Trans people don't go back and forth like that.

Then why does /r/detrans have a five-figure number of subscribers? Why do most trans children desist before adulthood?

talk about that instead of accusing all trans people of being perverts, rapists, misogynists, etc.

When did I do that?

Welp, the incel hysterics can go to sleep satiated.

The "please let the shooter be white cis" crowd must be breathing a sigh of relief.

If you agree about the possibility of social contagion, you should try to minimize the attention trans people receive, yet anti-trans activists have been the main publicists of transness for about a decade now – trans people really entered the mainstream with the North Carolina "bathroom bill".

Not according to Google Trends. The bathroom bill passed in March 2016. In the US, searches for "Transsexual" peaked in January 2006, searches for "Transgender" peaked in February and September 2025, and searches for "transgender" peaked in July 2015 and May 2016. Searches for "Caitlyn Jenner" and "Laverne Cox" both peaked in June 2015 (Jenner publicly came out in April 2015). Searches for "I am Jazz" and "Jazz Jennings" peaked in July 2015. The idea that people only started talking about transgender issues because of anti-trans activism is baseless.

I also feel compelled to quote from the most popular thing I've ever written:

In his second article from last week, Freddie complains that gender-critical people have vastly overstated the significance of the trans issue, elevating it to the status of “the most important social divide of our time, apparently beating out crime and education and the collapse of the family etc” when trans/NB people make up at most 2-3% of the American population. I agree that, in the scheme of things, trans issues receive a vastly disproportionate share of column inches relative to their import. Where I differ from Freddie is placing the blame for this state of affairs solely at the feet of gender-critical people.

As noted by Wesley Yang, there are 40 separate days in the American political calendar specifically dedicated to celebrating trans people (and an additional 77 days dedicated to celebrating trans people as a subset of LGBTQ+) - in contrast to Black History Month, which famously falls on the shortest month in the Gregorian calendar, despite black Americans making up 13-14% of the US population.

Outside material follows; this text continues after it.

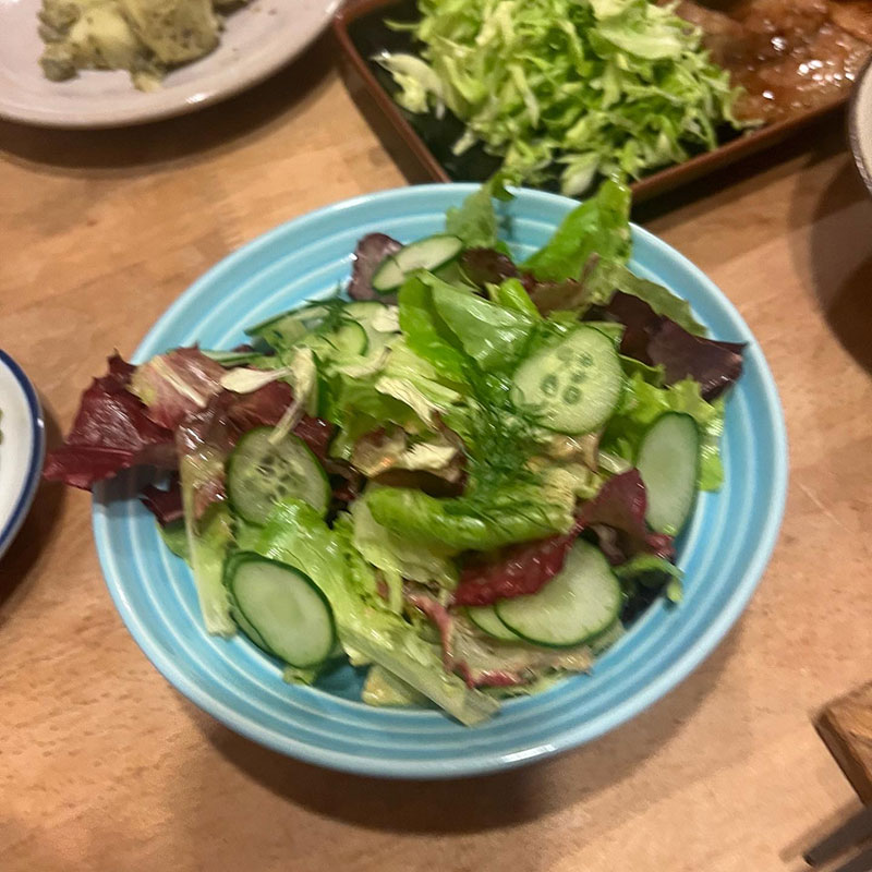 にん(じんと)たま(ねぎの)ドレッシングでサラダ。

President Joe Biden gave a statement on Transgender Day of Remembrance, while Democratic candidate Elizabeth Warren made the frankly bizarre campaign promise that her pick for education secretary would have to be personally vetted by a transgender child. There has hardly been a single political issue in the last ten years that hasn’t been framed as “how might this affect trans people?” or “what does this mean for the struggle for trans rights?” in the popular media, no matter how tangential the connection - everything from Black Lives Matter to the war in the Ukraine to gun violence in schools to the cost-of-living crisis to Covid to AI to the Israel-Palestine conflict to Brexit and even climate change (“[exposure to secondhand smoke] can exacerbate the respiratory stress that LGBTQI+ populations may experience from air pollution and chest binding, which is a common practice among transgender men to achieve a flat chest”).

It’s a bit rich to demand that Americans spend more than one-tenth of the calendar year celebrating trans people, “centring their voices” and putting their trials and tribulations at the forefront of their consciousness - only to then turn around and say "umm why do you even care about this, it’s such a tiny issue lol" when some of them offer even the mildest pushback. You brought it up.

And you'll notice that hypothetical mass killings of trans people are very much not actual killings of trans people.